Ah, now I remember one example, the triple product rule for partial derivatives :

$\frac{\partial x}{\partial y}\frac{\partial y}{\partial z}\frac{\partial z}{\partial x}=-1$

and the unconvincing proof that goes along with it :

$dz = \frac{\partial z}{\partial x}dx + \frac{\partial z}{\partial y}dy$

Suppose $dz = 0$ (not sure why this is possible :D)

$0 = \frac{\partial z}{\partial x}dx + \frac{\partial z}{\partial y}dy = \frac{\partial z}{\partial x}dx + \frac{\partial z}{\partial y}\frac{\partial y}{\partial x}dx$

Which then gives

$-\frac{\partial z}{\partial x}=\frac{\partial z}{\partial y}\frac{\partial y}{\partial x}$

and

$\frac{\partial x}{\partial y}\frac{\partial y}{\partial z}\frac{\partial z}{\partial x}=-1$

(not sure either how $\frac{1}{\frac{\partial x}{\partial y}}=\frac{\partial y}{\partial x}$ , especially what explanation goes with it other than the usual " $\partial x$ and $\partial y$ are infinitesimals so we can treat them as numbers" which doesn't really appeal)

Colin

Posted: 19 May 2008 - 9:42am

Joined: 2007-10-17
Posts: 109

I can't recall anything like that. Perhaps I find it so embarassing I make myself forget. But I recall little things. In A level I was sure that 'as x tends to infinity' (how do you do TeX of the forums?) meant that there was a point at infinity and at that point the function reached its limit. Actually, I understand that can work to some extent but of course that isn't the convention.

Posted: 19 May 2008 - 10:05am

Joined: 2006-10-10
Posts: 520

Long division :/

Posted: 19 May 2008 - 10:40am

Joined: 2006-10-05
Posts: 699

You got taught about x tending to infinity at A level!?!

I never learned my times tables. If I don't concentrate, I ALWAYS get $\frac{7}{2}=4.5$ . I have difficulty adding. I can't remember doing the Analysis 3 exam let alone anything in the course. Integration gives me a headache. In addition I have yet to understand a discussion group all the way through (including the one I ran).

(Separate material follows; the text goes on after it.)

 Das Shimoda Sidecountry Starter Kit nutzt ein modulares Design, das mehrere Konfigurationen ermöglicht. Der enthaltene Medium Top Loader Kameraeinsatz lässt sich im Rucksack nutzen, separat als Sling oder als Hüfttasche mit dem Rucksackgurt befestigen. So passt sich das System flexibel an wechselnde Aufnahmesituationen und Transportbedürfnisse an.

How I survive: I like exams and I beat Cosmin at everything other than maths to keep my spirits up.

Seriously though, I've never forgotten a whole subject before.

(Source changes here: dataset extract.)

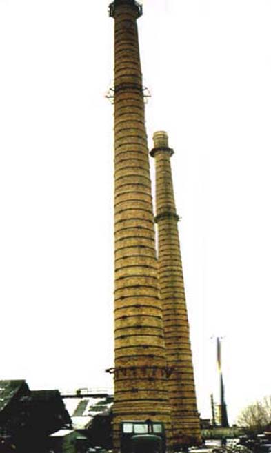 Большая часть эксплуатируемых в настоящее время дымовых труб изготовлена из стали Ст3. Металлические трубы конической формы в соответствии с нормалями имеют высоту 30,35 и 40 м при диаметре на выходе до 2000 мм и у основания – до 3200 мм. К фундаменту они крепятся фундаментными болтами (до 16 штук).

Colin: For TeX you use dollars ($) just as if you were using LaTeX on the forums.

PS have never convinced someone of finite primes, yet.

Posted: 19 May 2008 - 5:26pm

Joined: 2006-11-02
Posts: 1090

How I survive: I like exams and I beat Cosmin at everything other than maths to keep my spirits up.

You wish. :D

Edit: Incidentally, that answers the question as to what the dumbest thing Alex has ever convinced himself of is. :D

Orry

Posted: 19 May 2008 - 5:42pm

Joined: 2007-02-14
Posts: 105

Well yeah I convince myself that I know stuff that I actually don't all the time, its how I keep going.
And since this seems to have turned into easy stuff that we can't do, integration, I failed integration in foundations, got a poor mark in Geometry and Motion and don't think I evealuated any integrals in Vector Analysis, that may be more a case of convincing myself I can't do something when I can though.

Newtonswig

Posted: 22 May 2008 - 2:27pm

Joined: 2006-10-01
Posts: 432

Perhaps you're right, as children we learn our place in society by blind imitation, why not so with maths? In some sense, such arrogance as to claim understanding is facet to our universal naivety: the blithe assumption that adulthood can bring a solidarity of mind; that we can become the people we blindly trusted- in control and calculating, when such things do not truly exist.

The desire to be the bigger man, to claim this myth of understanding for our own, is surely fuel to all pretence. And why not? With the sky our target, we may wait forever for foundations, cement will tendril deeper into trivial soil that we may build higher: and we will never lay a brick. So to show foundation, to ourselves and to the world we build half founded, resloving from the first to butress heavy at the joins and stick with tempered faith to our grand and sketched designs. Hoping that a pencil smudge or hurried unruled line won't hide the fault that cause our hearts to topple.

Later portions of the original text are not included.